TASK INSTRUCTIONS>
Please write out the entire listing below exactly, excluding its pictures.

INPUT DATA>
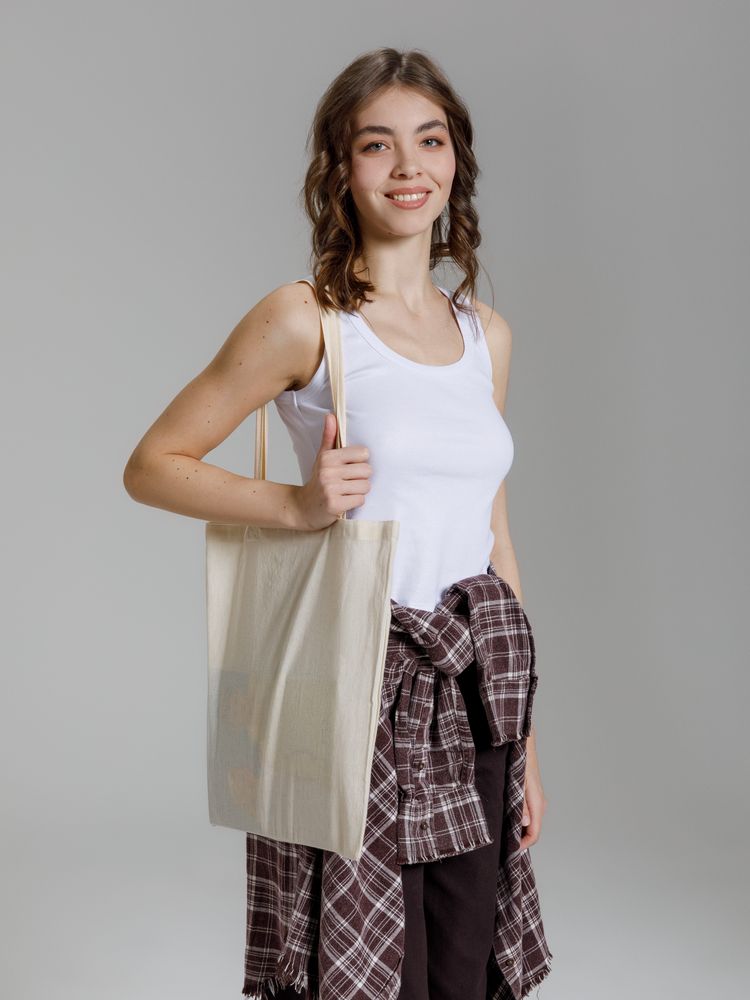 Классический шопер из переработанного хлопка. Неокрашенное полотно делает сумку настоящим универсальным холстом для логотипов и других маркетинговых сообщений.Способ обработки внутреннего шва: оверлок. Выдерживает нагрузку до 6 кг.
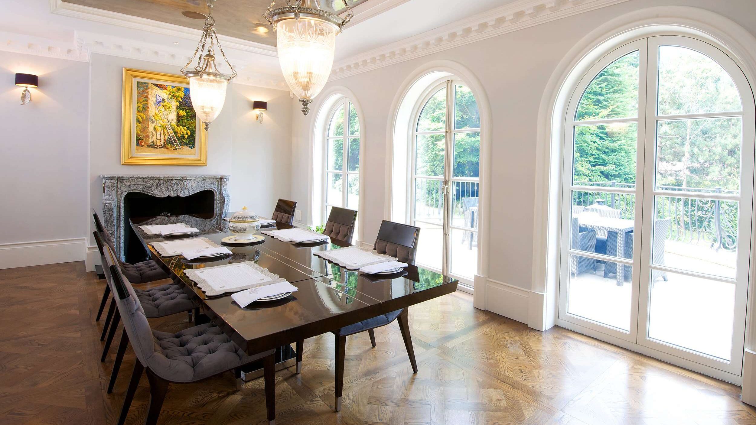 The main 10,500 sq ft main house consists of two levels to the front and three to the rear as the ground slopes away to include a stunning lower ground leisure suite which is basked in natural light to one side.
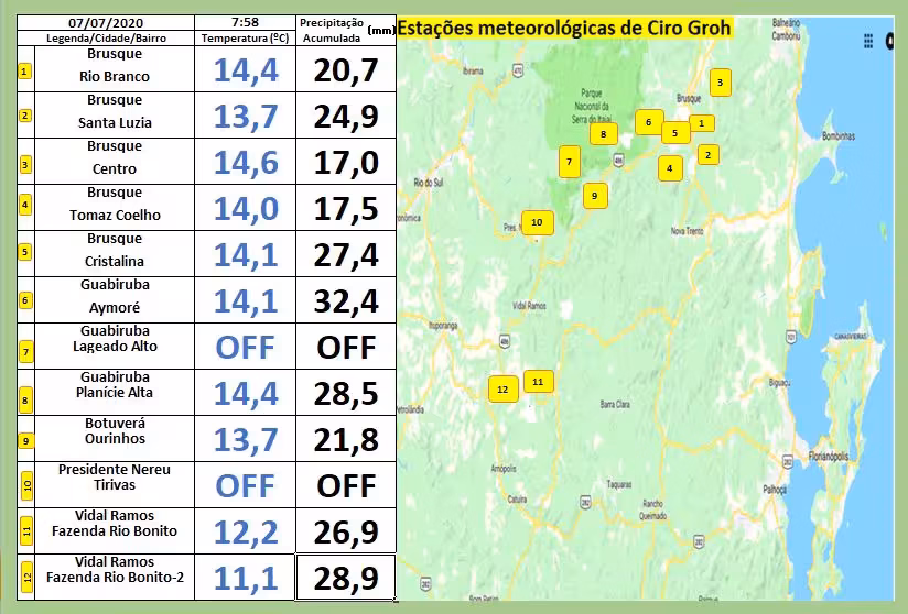 Abaixo está a tabela onde estão inseridos os volumes parciais de chuva (em preto) observados até a manhã de hoje, de Brusque a Vidal Ramos.

RESPONSE TO THE TASK>
 Классический шопер из переработанного хлопка. Неокрашенное полотно делает сумку настоящим универсальным холстом для логотипов и других маркетинговых сообщений.Способ обработки внутреннего шва: оверлок. Выдерживает нагрузку до 6 кг.
 The main 10,500 sq ft main house consists of two levels to the front and three to the rear as the ground slopes away to include a stunning lower ground leisure suite which is basked in natural light to one side.
 Abaixo está a tabela onde estão inseridos os volumes parciais de chuva (em preto) observados até a manhã de hoje, de Brusque a Vidal Ramos.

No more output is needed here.